# Meta Kaggle: Count User Activities

This notebook simply counts appearances of UserId in the various Meta Kaggle data tables.

Some highlights from the data (these may drift a bit from the time of writing):

 - Nearly 7M users in total (the so-called *vanity* metric)
 - Around 71% of users (over 4.8M) have not done anything at all on the site
 - A further 1M have accepted rules for a competition but nothing else.
 - So, in millions, borrowing [Hans Rosling's pincode idea][2], approximately a 5:1:1 ratio, Unacted:Dormant:Active

See also: the 90-9-1 rule, aka [the 1% Rule][1]:

<blockquote>
"In Internet culture, the 1% rule is a rule of thumb pertaining to participation in an internet community, stating that only 1% of the users of a website actively create new content, while the other 99% of the participants only lurk.
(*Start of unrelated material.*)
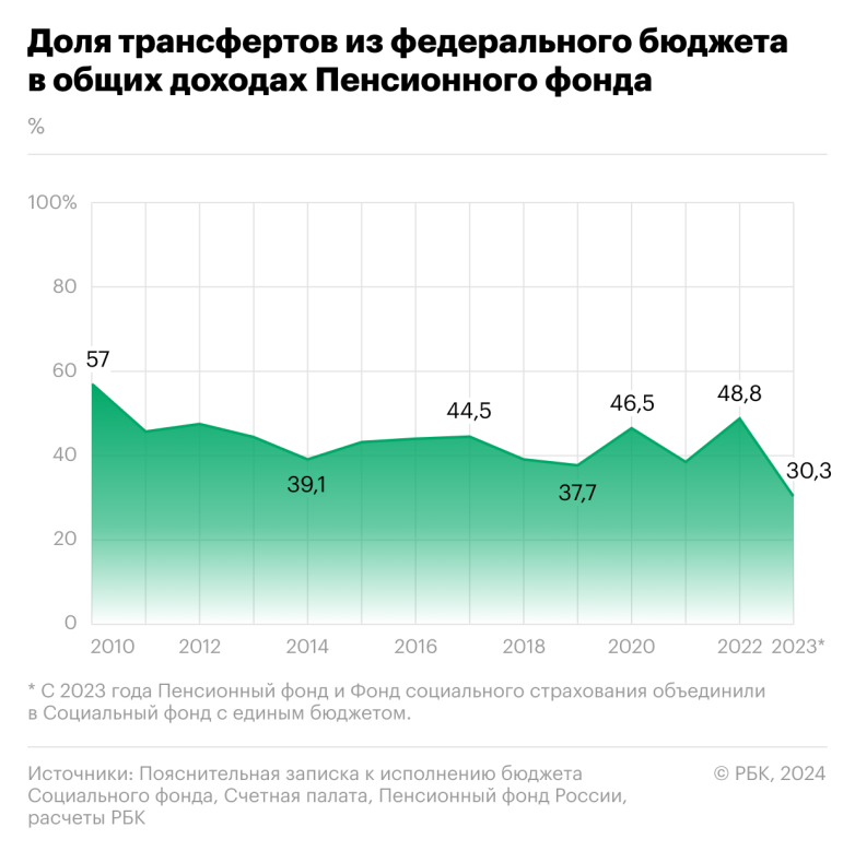 «Трансферт из федерального бюджета на расходы 2023 года был перечислен в полном плановом объеме. Но часть этого трансферта была перечислена раньше — в конце 2022 года», — подтвердили РБК в Минтруде. Благодаря этому досрочному перечислению трансферта на 2023 год 2022 год для бюджета фонда был профицитным, но совокупный объем средств, поступивших в 2023 году, оказался «несколько ниже фактически понесенных фондом расходов».

Variants include the 1–9–90 rule (sometimes 90–9–1 principle or the 89:10:1 ratio), which states that in a collaborative website such as a wiki, 90% of the participants of a community only view content, 9% of the participants edit content, and 1% of the participants actively create new content."

</blockquote>


For the users with  highest counts of activities, these show:

 - The top 50 "submittors" are maintaining an average of *over* one submission every day.
 - Around 10 of the top users are gaining 3-7 followers on average per day.
 - A few users vote for 5+ Notebooks every day.
 - The top 50 "Notebookers" are running at least one new Notebook version every day.
 - Chris Deotte has over 20 discussion votes for every day since he registered!
 - Marília Prata is averaging about 14 new forum posts per day!
 - "City of San Jose Data" creates about 75 dataset versions per day

## Contents

 * [League Tables](#League-Tables)
 * [ForumMessageVotes - Ratio](#ForumMessageVotes---Ratio)
 * [Followers - Ratio](#Followers---Ratio)
 * [Average: Votes per Discussion Post](#Average:-Votes-per-Discussion-Post)
 * [Average: Submissions per Competition](#Average:-Submissions-per-Competition)
 * [Summarize Total Activity](#Summarize-Total-Activity)
 * [Correlation Between Different Activity Counts](#Correlation-Between-Different-Activity-Counts)
 * [Hyper Kagglers](#Hyper-Kagglers)
 * [Hyper Kagglers 2](#Hyper-Kagglers-2)
 * [Columnwise Counts](#Columnwise-Counts)
 * [Counting Separate Activities](#Counting-Separate-Activities)
 * [Specialised Counts](#Specialised-Counts)
 * [Signup Rate](#Signup-Rate)
 * [Tiers](#Tiers)
 * [The End](#The-End)

 [1]: https://en.wikipedia.org/wiki/1%25_rule_(Internet_culture)
 [2]: https://www.gapminder.org/answers/where-do-people-live/
 

In [1]:
import gc, os, sys, time
import pandas as pd, numpy as np
from itertools import combinations
from IPython.display import HTML, display
import matplotlib.pyplot as plt
import seaborn as sns

pd.options.display.max_rows = 200

In [2]:
plt.rc('figure', figsize=(12, 8))

In [3]:
IN_DIR = '../input/meta-kaggle'
if not os.path.isdir(IN_DIR):
    IN_DIR = '../input'
len(os.listdir(IN_DIR))

In [4]:
users = pd.read_csv(os.path.join(IN_DIR, 'Users.csv'), parse_dates=['RegisterDate'])
idx = users.DisplayName.str.len() <= 1
users.loc[idx, 'DisplayName'] = users.loc[idx, 'UserName']
users.UserName.fillna('', inplace=True)
users.DisplayName.fillna('[deleted user]', inplace=True)
users.DisplayName = users.DisplayName.str[:32]
users = users.set_index('Id')
users.shape

In [5]:
one_day = pd.Timedelta(1, 'd')
latest = users.RegisterDate.max() + one_day
latest

In [6]:
users['Age'] = ((latest - users.RegisterDate) / one_day).astype('int32')

In [7]:
EXCLUDE_USERS = [2080166] # Kaggle Kerneler - very high stats that distort the league tables!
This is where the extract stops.